(This newsletter is the rebirth of a project I started in 2017. I was sending out dispatches from my website of the same name and getting good uptake. Feedback was terrific and several hundred subscribers signed up for the weekly report, and thousands were reading. But the standard required to make a small amount of revenue to cover time and expenses was daunting. And I was otherwise engaged with endeavors consuming an increasing amount of my time. I surrendered.
But along came Substack, which appears to be designed for what I was trying to achieve with my writing. My goal here is to offer information, insight, and maybe even entertainment. There will be personal experience included since I provide a point of view. But my focus is on this confounding state, its myths and realities. I will write about travel, literature, history, movies, politics, and just life its ownself under the Lone Star, and the broader influence of Texas beyond its borders.
It’s free to anyone who wants it, but those modest paid subscriptions, if you are inclined, can help fire the engines. Go ahead and be inclined. I’ll publish at least once a week, depending on interest, yours and mine. I will also post randomly with stories worth sharing and that are not part of the weekly newsletter).
“Doesn’t Texas sometimes seem to resemble a country like Saudi Arabia, with its great heat, its oil wealth, its brimming houses of worship, and its weekly executions?”
– Martin Amis, “The Palace at the End”
There has to be something psychologically damaged in the governor of Texas. Any analysis of Greg Abbott ends up sounding like a political screed, even if all the writer does is list the governor’s executive decisions. Cumulatively, they are difficult to comprehend as the product of a rational mind. A psychiatrist might easily make a case that Abbott needs professional help simply based upon the anger issues that consistently manifest in his politics.
What the hell is wrong with Gregg Abbott?
His latest proclamation is his most venal and authoritarian. Because Democrats broke quorum and refused to allow passage of the most restrictive voting laws since blacks and women were kept from the polls, Abbott has issued a threat that he will de-fund a separate and equal branch of the government. The Texas governor said he plans to use the line-item veto to eliminate salaries and budgets of state legislators because they did not do his bidding by sending the ominous Senate Bill 7 to his desk for signature.
The governor, as he often is, seems oblivious to the constitutional questions that arise when he vetoes Article 10 of the Texas budget, which funds the legislature. As alarmist as it might sound, he is taking the first step down a path that follows a long parade of dictators who eliminated any institution of political opposition that prevented the implementation of their visions. The GOP bill constraining voters in Texas would likely have gone nowhere had Chief Justice John Roberts not ruled in in 2013 that it was not necessary for historically discriminatory districts to get a federal pre-clearance before changing voting rules. Consequently, Abbott will bring SB7 up in a special session of the legislature and expects lawmakers to end drive through voting, ballot drop boxes, extended voting days and hours, restrict mail-in ballots, and make it difficult to help get your neighbors to the polls.

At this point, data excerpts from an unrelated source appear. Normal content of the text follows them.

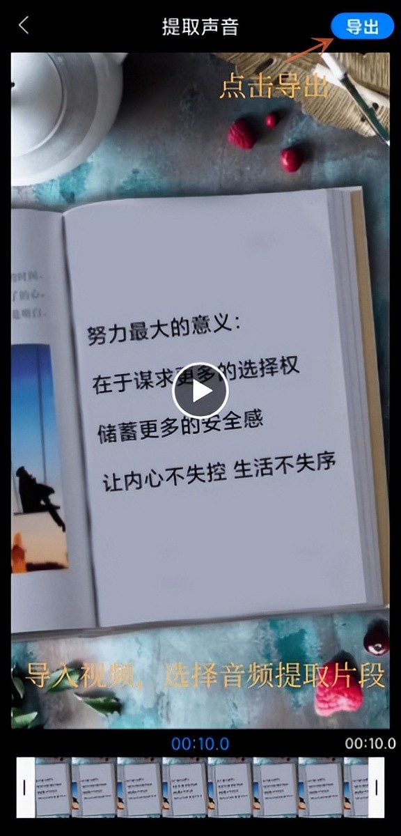 步骤二:从相册中选择视频,导入后截取需要提取音频的视频片段。系统默认提取整个视频音频。最后选择【导入】。
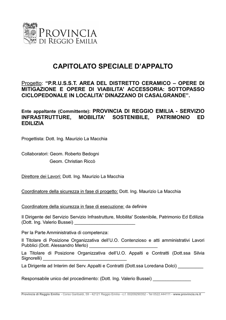 Ente appaltante (Committente): PROVINCIA DI REGGIO EMILIA - SERVIZIO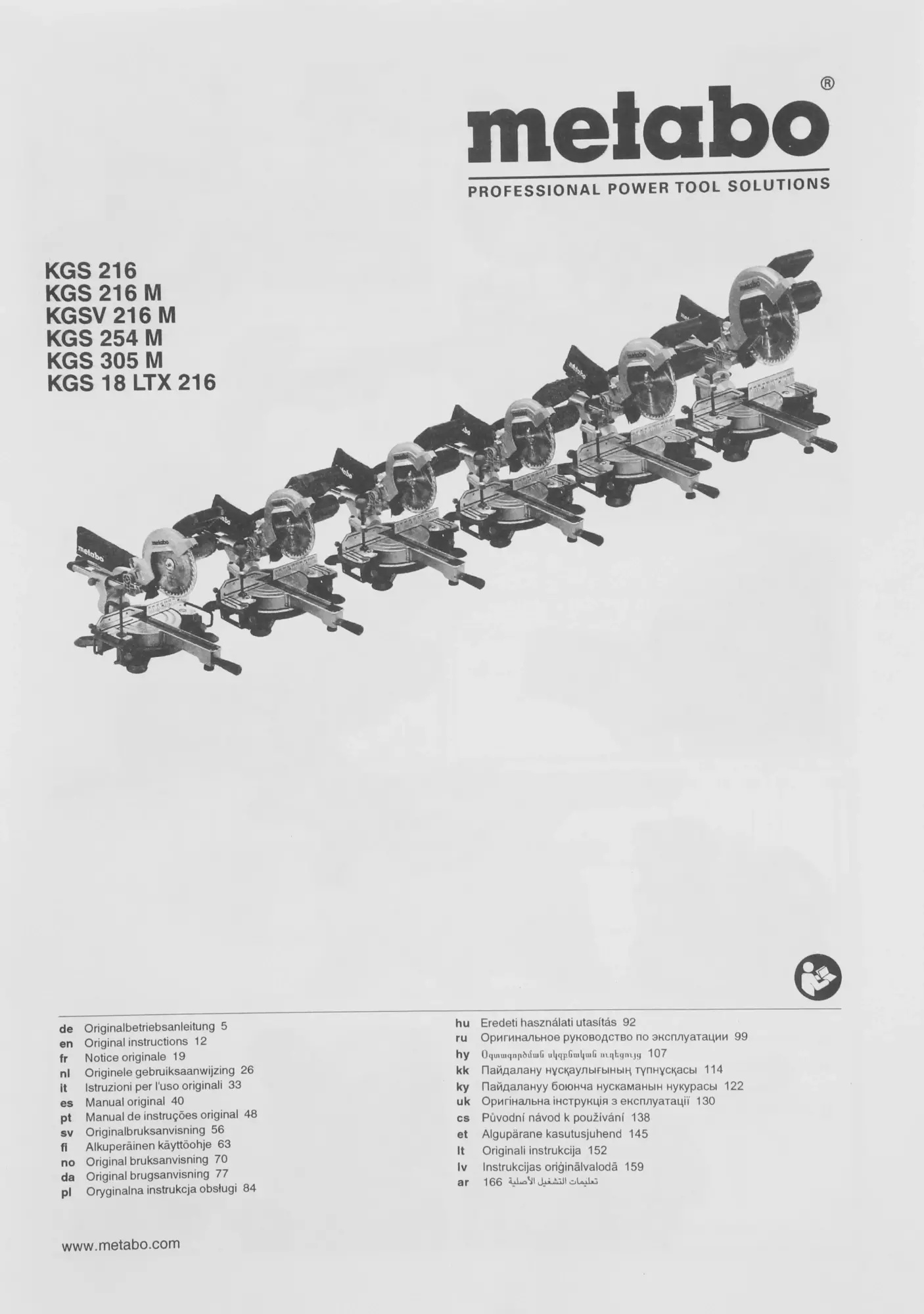 Описание товара Пила торцовочная Metabo KGSV 216 M (619261000)
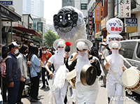 ソウル市鍾路区の光化門駅近くの路地商圏で20日、文化財庁と韓国文化財財団の関係者が「2022 春の宮中文化祝典」の一環として、魔除けの「辟邪」儀式と日常回復の望みを伝える「駆儺行-黒虎のお出ましです!..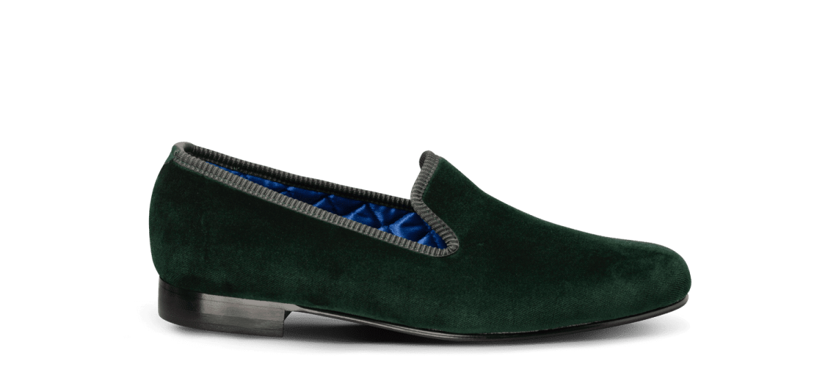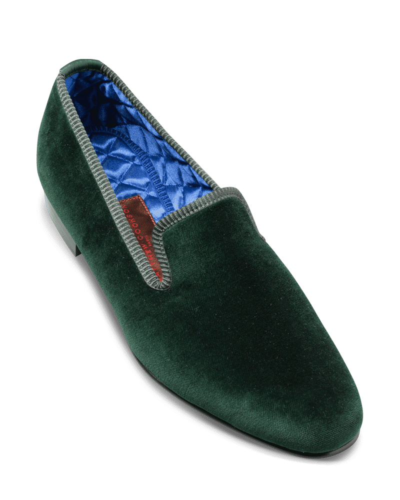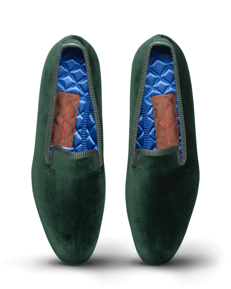 Les slippers vert anglais Matthew Cookson sont faites en velours de coton, la doublure est en satin matelassé, le tout monté sur une fine semelle en cuir. Le summum de l’élégance et du confort.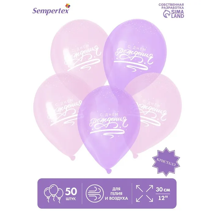 Воздушные шары латексные 12" «С Днём рождения», 50 шт., кристалл, МИКС — Характеристики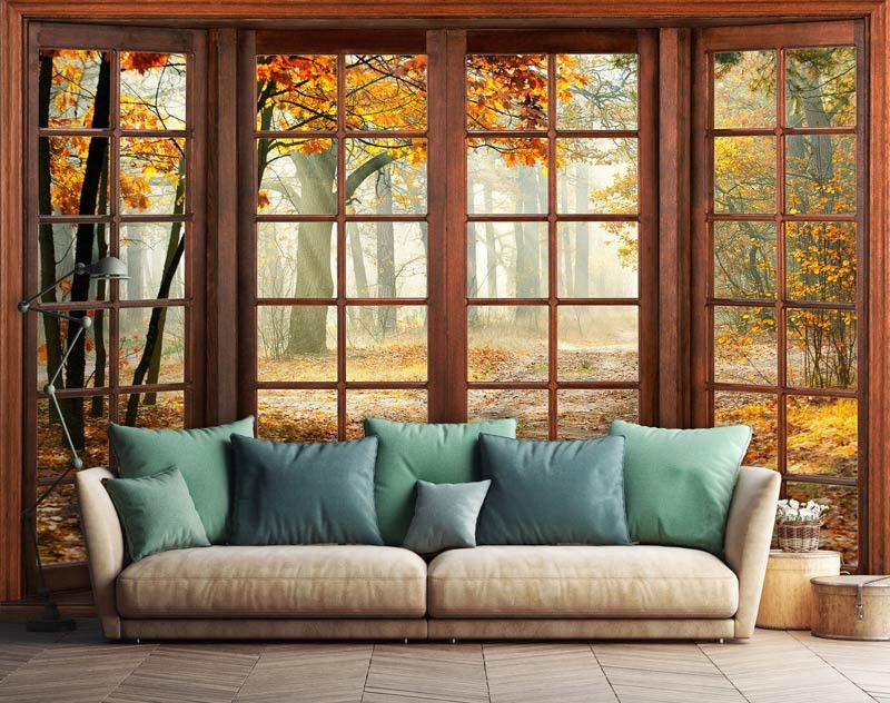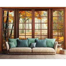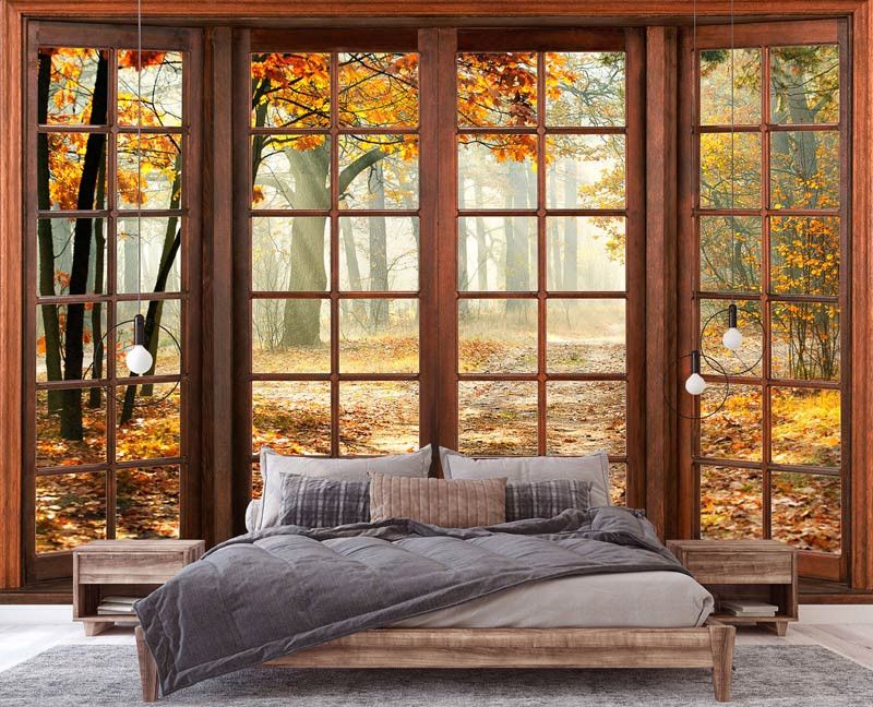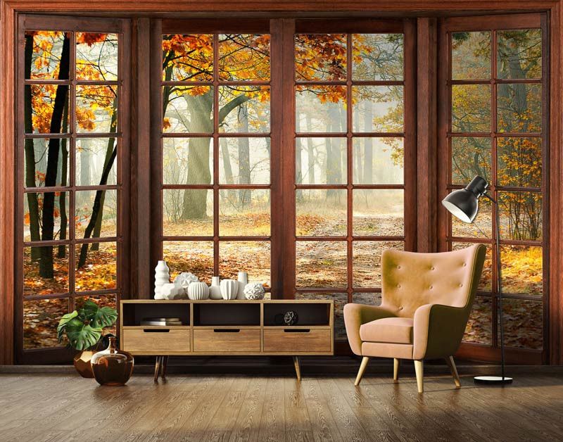 Geniet van het uitzicht op een rustgevend bos met dit 3D-fotobehang. Het lijkt alsof je door een raam naar een prachtig boslandschap kijkt, wat een kalmerende sfeer toevoegt aan elke kamer. Perfect voor de woonkamer, slaapkamer of zelfs een thuiskantoor.

What, precisely, happens to the constitutionally protected balance of powers if angry Abbott takes away the paltry $600 a month salaries of office holders, and also stops pay for the staffers that actually make government functional? Do the Texas House and Senate have any value as independent bodies and thinkers and legislators if they get shut down every time in the future that they refuse to goose-step when the governor issues edicts? Does a state or federal constitution ever function any more as an organizing principle for American society?
The only characteristic of Greg Abbott that outpaces his political distemper is his hypocrisy. Earlier this week, he ordered the state to rescind the licenses of 52 locations for the Office of Refugee Resettlement (ORR) in Texas, which are operated by the federal government. The forced closure of ORR facilities will require about 4000 minor immigrant children back into emergency shelters. In April, the governor’s scowling visage hovered outside one of those emergency operations and said it was a “health and safety nightmare,” and children needed to be moved into federal custody for their protection.
Instead of letting the federal government use professional caseworkers help the children in the ORR centers, Abbott is now demanding they be returned to the overcrowded and underfunded emergency shelters that he had recently denounced. Of course, when things were being well-managed under the auspices of the federal government, it was difficult for Abbott to attack the Biden administration for an alleged failure to deal with the immigration situation. This ass-Abbott approach uses minor children as political foils for a little man whose conscience also suffers from a separate handicap of missing humanity.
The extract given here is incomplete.